* [Problem to solve] Would you transcribe the entries below, beginning at the line with "Celluloid-Junge, 13,5 cm, anmodellierte" and ending after the line with "How can an art", exactly, with no picture and nothing more?

── Entries supplied

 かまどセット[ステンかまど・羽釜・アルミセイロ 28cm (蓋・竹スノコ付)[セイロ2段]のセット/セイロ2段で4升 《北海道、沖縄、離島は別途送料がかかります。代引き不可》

────
── Entries supplied

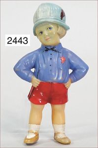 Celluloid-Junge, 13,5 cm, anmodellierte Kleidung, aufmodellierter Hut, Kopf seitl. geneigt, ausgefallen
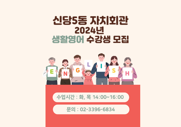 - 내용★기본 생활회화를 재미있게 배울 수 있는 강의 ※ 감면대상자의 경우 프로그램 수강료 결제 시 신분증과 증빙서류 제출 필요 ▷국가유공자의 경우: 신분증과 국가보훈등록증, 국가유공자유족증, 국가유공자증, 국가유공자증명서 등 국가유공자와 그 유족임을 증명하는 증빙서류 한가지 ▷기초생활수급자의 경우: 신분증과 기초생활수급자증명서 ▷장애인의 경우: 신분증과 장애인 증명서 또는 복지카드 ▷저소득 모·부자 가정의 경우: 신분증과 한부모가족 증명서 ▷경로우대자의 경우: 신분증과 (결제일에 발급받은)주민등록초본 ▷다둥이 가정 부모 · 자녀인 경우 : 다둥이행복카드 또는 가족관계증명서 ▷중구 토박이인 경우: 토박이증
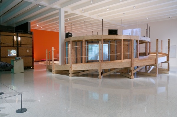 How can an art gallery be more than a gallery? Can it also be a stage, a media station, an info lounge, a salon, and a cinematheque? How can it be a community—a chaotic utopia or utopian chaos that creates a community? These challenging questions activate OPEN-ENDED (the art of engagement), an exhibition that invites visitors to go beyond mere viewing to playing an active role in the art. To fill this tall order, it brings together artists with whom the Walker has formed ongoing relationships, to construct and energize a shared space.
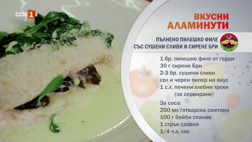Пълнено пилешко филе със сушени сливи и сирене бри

────

* [Your response]
 Celluloid-Junge, 13,5 cm, anmodellierte Kleidung, aufmodellierter Hut, Kopf seitl. geneigt, ausgefallen
 - 내용★기본 생활회화를 재미있게 배울 수 있는 강의 ※ 감면대상자의 경우 프로그램 수강료 결제 시 신분증과 증빙서류 제출 필요 ▷국가유공자의 경우: 신분증과 국가보훈등록증, 국가유공자유족증, 국가유공자증, 국가유공자증명서 등 국가유공자와 그 유족임을 증명하는 증빙서류 한가지 ▷기초생활수급자의 경우: 신분증과 기초생활수급자증명서 ▷장애인의 경우: 신분증과 장애인 증명서 또는 복지카드 ▷저소득 모·부자 가정의 경우: 신분증과 한부모가족 증명서 ▷경로우대자의 경우: 신분증과 (결제일에 발급받은)주민등록초본 ▷다둥이 가정 부모 · 자녀인 경우 : 다둥이행복카드 또는 가족관계증명서 ▷중구 토박이인 경우: 토박이증
 How can an art gallery be more than a gallery? Can it also be a stage, a media station, an info lounge, a salon, and a cinematheque? How can it be a community—a chaotic utopia or utopian chaos that creates a community? These challenging questions activate OPEN-ENDED (the art of engagement), an exhibition that invites visitors to go beyond mere viewing to playing an active role in the art. To fill this tall order, it brings together artists with whom the Walker has formed ongoing relationships, to construct and energize a shared space.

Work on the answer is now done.